Why the Republican Candidates Are "Econitwits" When It Comes to Our Economic Malaise

12/05/2011 06:39 pm ET | Updated Feb 04, 2012
  • Jane White Author, 'America, Welcome to the Poorhouse'

What's baffling about the Presidential election is the excitement over the Republican candidates when virtually everything that comes out of their mouths is either fodder for late-night talk shows or pretty deplorable. Rick Perry doesn't know the voting age, Michele Bachmann believes she must submit to her godly husband and philandering former candidate Herman Cain believes a measly 9 percent VAT tax will remedy our economic woes -- despite the fact that all but two of the 27 countries in the European Union feature VATs of 19 percent or more, along with higher tax rates on the rich.

But the most important deficiency among Democrats and Republicans alike is the lack of awareness of the "inconvenient economic truth" that the time-honored remedies to our woes -- whether they are tax cuts or government stimulus packages -- are irrelevant in this global economy, in contrast to the 20th century, when we were Number One. We also don't realize that the economic winners in today's global economy are countries where business and government are a team rather than combatants.

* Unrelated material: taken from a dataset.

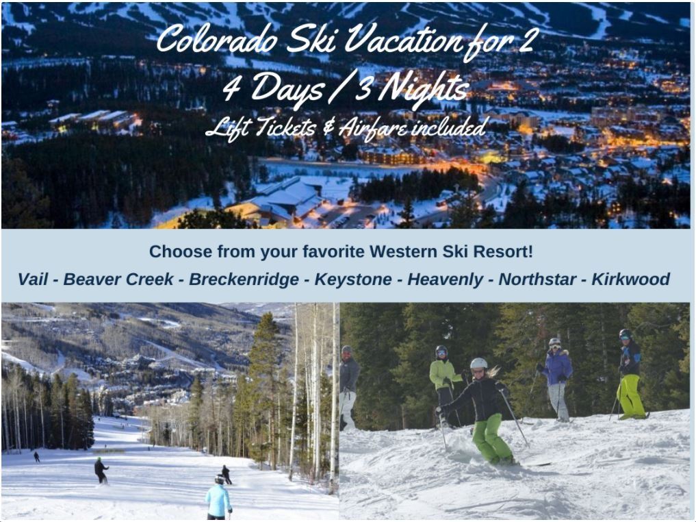 Colorado- The Western Ski Experience. Purchase your next vacation to go skiing in Colorado for 4 days and 3 nights. Choose from 7 of the best ski resorts and enjoy round trip airfare for two. 4-Days/3-Nights Deluxe Hotel in your destination Resort Community. Choose your Premier Ski Resort: Vail, Beaver Creek, Breckenridge, Keystone, Heavenly, Northstar, Kirkwood. 3-Day lift tickets for two (2) • Round Trip Coach Class service for two from within the US/48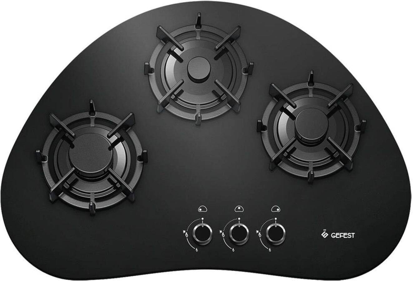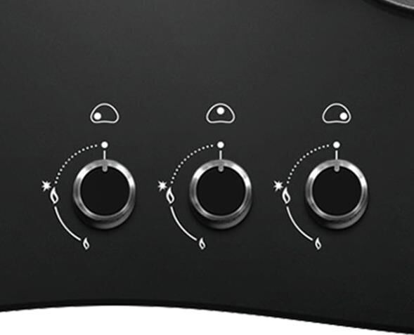 Габариты (ВхШхГ) 10,2х73,3х50см. 3 конфорки. Переключатели поворотные. Электророзжиг от отдельной кнопки. Фиксированное положение «малое пламя». Система «газ-контроль». Варочная поверхность: черная стеклянная. Чугунные решетки стола.

As former SEIU President Andy Stern pointed out in a recent op-ed in the Wall Street Journal, China just announced its 12th five year plan -- has the U.S. EVER had a five-year plan? -- which aims for a 7 percent annual economic growth rate by making a $640 billion investment in renewable energy and high-tech/high-end manufacturing, among other efforts. China's approach is very similar to Japan's in the 1960s and 1970s when the Ministry of International Trade and Industry (MITI) launched a joint government and business effort to develop new industries, including the semiconductor industry.

Despite President Clinton's insistence that China's entry into the World Trade Organization would be a "win-win" that would support U.S jobs, a total of 2.8 million U.S. jobs were eliminated or displaced between 2001 and 2010, more than 69 percent of which were in manufacturing, according to the Economic Policy Institute. It's not just blue-collar jobs that are in jeopardy: Alan Blinder, former vice chairman of the Board of Governors of the Federal Reserve estimated that between 30 million and 40 million high-end U.S. service sector jobs could be outsourced.

China not only surpassed the U.S. as the world's largest export nation in 2004, but only five years earlier the U.S. exported double the amount China did.

Team USA not only doesn't have a plan, but we don't perform regular "checkups" to see how our economic health is affected by globalization. Or when we do, we censor the results if the findings make the president look bad. According to the excellent book, Manufacturing a Better Future for America the only known report on outsourcing, conducted by the Commerce Department and scheduled to be completed in July of 2004, was never published due to Bush Administration's fears that it would hurt the president's reelection campaign.

Along with not measuring our economic health, we don't invest enough in training our workers to adapt to a 20th century economy. According to Manufacturing a Better Future, the United States spent a paltry 0.02 percent of GDP on workforce training and education in 2007, the lowest among all 20 OECD member countries.

Aristotle first argued in the 4th century B.C. that the world was round yet it wasn't until 1492, when Christopher Columbus set sail, that the notion of a round world was established. As Andy Stern pointed out, the Agricultural Revolution took about 3,000 years, the Industrial Revolution lasted 300 years, and this technology-led Global Revolution will take only 30-odd years. Time is of the essence to remedy our economic malaise.